The File::Find module (which ships with perl) makes traversing directories and acting on the contents very easy and safe. The module exports one function (find()) which can be called in two ways. In the simplest method, you pass it a function reference and a list of directories to search. The function reference will contain the code you want to use to process each filesystem entry found by the find() function. For example, let’s say we want to do some routine cleanup in a directory. I often use LaTeX for my writing and generate either .dvi, .ps, or .pdf files for typeset output. I also often fail to delete these generated files and they end up needlessly using space. Even though hard drive space is cheap these days, I still want to clean out my writing directory from time to time (which contains a large number of subdirectories of various depths).

If I haven’t accessed a generated typeset file (of any variety) for more than say a week, I might as well delete it (I can always regenerate it from the LaTeX sources if I need to print it again later).

    #!/usr/bin/perl -w
    use strict;
    use File::Find;
    my @dirs = @ARGV or die "No valid directory argument(s)";
    find( sub{
              m/\.(dvi|ps|pdf)$/
              and -A > 7
              and print "$File::Find::name\n";
          },
          @dirs,
    );

The first argument to the find function is my subroutine reference (in this case an anonymous subroutine, but we could have used a reference to a real subroutine), and then the list of arguments from the command line. When find() runs it does a chdir() into each directory in turn (and any subdirectories) and sets $_ to be each filename found (the complete pathname of the file is given in the special package variable: $File::Find::name).
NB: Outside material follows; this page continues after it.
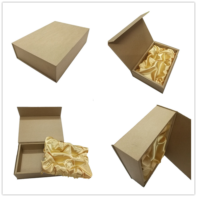 Zakázková pevná hnědá kraftová papírová krabice se saténovou vložkou

So we first check if has one of the extensions we are interested in, and that its access time is greater than seven days and then we print the full pathname. In the real program we would use the unlink() function to delete each such file rather than just printing it (but if you’re developing such a script, please test it with print() until you are sure it is finding only what you wanted before you start deleting files with the unlink() function).
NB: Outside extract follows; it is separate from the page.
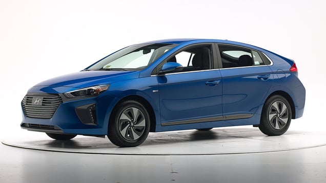 Moderate overlap frontal ratings are assigned by the Institute based a test conducted by Hyundai. Ratings apply to both the Ioniq Hybrid and Ionic Plug-in Hybrid models, but not the Ionic Electric (which has no gasoline engine).

The alternate method of calling find() is to pass a hash reference as the first argument, and then the list of directories to search. The hash allows you to specify alternate behaviors for the find() function. There are several keys you may set in this hash, the more common ones are:

    wanted  => your sub reference
    bydepth => depth first searching
    follow  => follow symbolic links (be careful!)
    nochdir => don't chdir() into each directory

A few variables are also available to you within your subroutine, the most useful are:

    $_                    name of file
    $File::Find::dir      directory currently being searched
    $File::Find::name     Full pathname of file

File::Find can be utilized for all sorts of filesystem searching and administrative tasks and is a good tool to add to your repertoire.

*****